Forest in the city: Contested informal settlements on the hills of Guwahati, Northeast India
Funding period: 1 February 2024 – 31 October 2024
Type of funding:
International Fellowship
Snehashish Mitra works as an Urban Fellow at the Observer Research Foundation (ORF), a leading global policy think tank based in India. Mitra is based at ORF’s Mumbai office, where, Mitra leads the urban research and policy domain, with a focus on housing, public transport, environmental governance and inclusivity. He is actively collaborating with other urban practitioners in India to highlight pathways to make Indian cities more inclusive and equitable by incorporating issues related to women and queer community. Mitra is also a guest faculty at the Centre of Urban Policy and Governance, Tata Institute of Social Sciences, Mumbai. Previously, Mitra has held Fulbright-Nehru Doctoral Fellowship at Yale University’s Anthropology Department.
As a USF International Fellow, Snehashish will spend nine months working at the Sheffield University, under the mentorship of Dr Philipp Horn.

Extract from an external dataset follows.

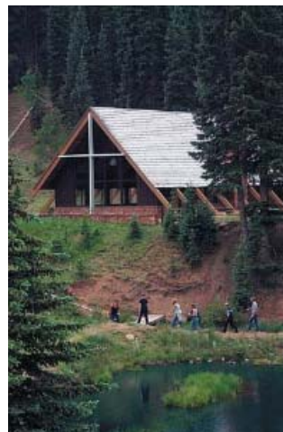
The chapel was built in 1959

Ministry Benefit: The Chapel has served as the spiritual gathering place for the Rocky Mountain ministry. After almost 50 years of service, the improvements are intended to allow us to enjoy and utilize this special place through the year.

Snehashish has been researching urban issues in Northeast India and his work lies at the intersection of urbanisation, environmental justice and citizenship politics with a focus on indigenous groups and their claim-making politics. During the course of his academic work, he has engaged with housing and citizenship rights of people in Assam, India. His fieldwork experiences, conducted through ethnographic methods, have developed a keen sense of grasping peoples’ sentiments and ability to centre peoples’ experiences in policy and governance. He is also equipped with archival research experiences which complimented his interests in how the state thinks and plans to execute its programme and agendas. He has published widely in academic and popular media outlets in English and Bengali languages.
Snehashish is keen on utilising his academic understanding for policy implications, and fostering an equitable urban experience for people from marginalised groups. His work is focused on locating urban experience within a regional context and making sense of urbanism as an outcome of multiple factors raging from historical developments to recent financial restructuring.